I’ve always heard that any journey to Mars would require a long trip. Does Franklin Chang-Diaz, a former NASA astronaut, have the means of getting humans there in less than six weeks? He claims he does, by using a rocket that converts hydrogen to plasma.
Between flight training he built a research team to begin work on a plasma rocket, drawing upon NASA engineers and scientists from across the country.
At their essence, rockets are simple: the higher the temperature of the gas shot out the back, the faster the gas and rocket go. Plasmas get hotter than conventional chemical rocket fuel, allowing plasma rockets to go faster on much less fuel.
Over the past three decades, Change-Diaz's group worked on a rocket that could convert hydrogen to a plasma, confine it with a magnetic field and then heat it with radio waves. From 1993 to 2005 he did so as director of the Advanced Space Propulsion Laboratory at the Johnson Space Center.
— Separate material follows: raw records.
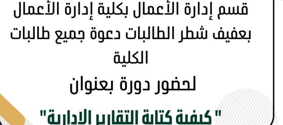 دورة بعنوان: كيفية كتابة التقارير الإدارية/ بكلية إدارة الأعمال بعفيف (طالبات)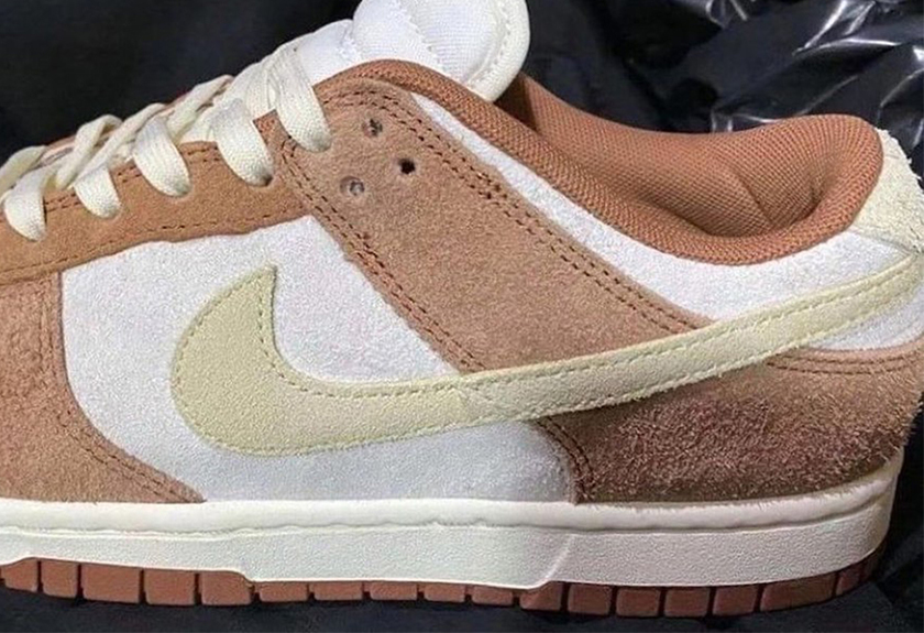 这款配色采用奶茶色与白色拼接,搭配米黄色 Swoosh ,并以翻毛皮材质塑造,整体气质十分温和讨喜。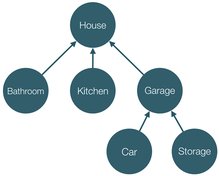 As per this tree, House has 3 dependencies, namely Bathroom, Kitchen and Garage and similarly Garage has 2 dependencies, namely Car and Storage.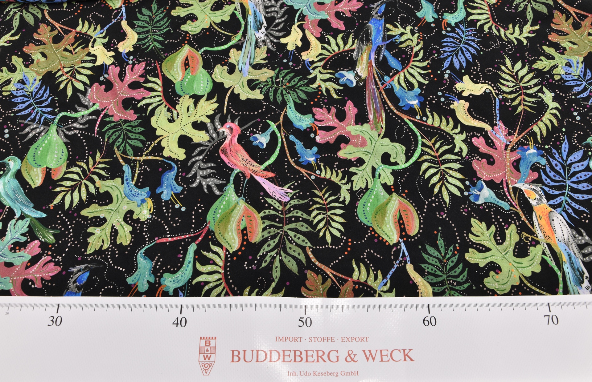 Die leichte Viskosequalität zeichnet sich durch einen schönen Fall und einen weichen Griff aus. Er weist einen angenehmen Tragekomfort auf. Besonders gut lässt sich die bedruckte Viskose als Oberteil oder Kleid verarbeiten.

After the focus turned to conventional rockets for the Constellation program, Chang-Diaz went private with his ideas. Now that Constellation appears dead, it may be that Chang-Diaz holds the key to success in the newly privatized space program. He expects to begin testing his new engine in only four years, which would put him years ahead of where NASA will be. For those of us who love the space program and who have friends and loved ones involved in it, it may mean that the future of space exploration is not quite so bleak as it was left by Obama’s announced plan to make America a third-tier space program (like he's out to make the US a thid-tier everything else) by mid century.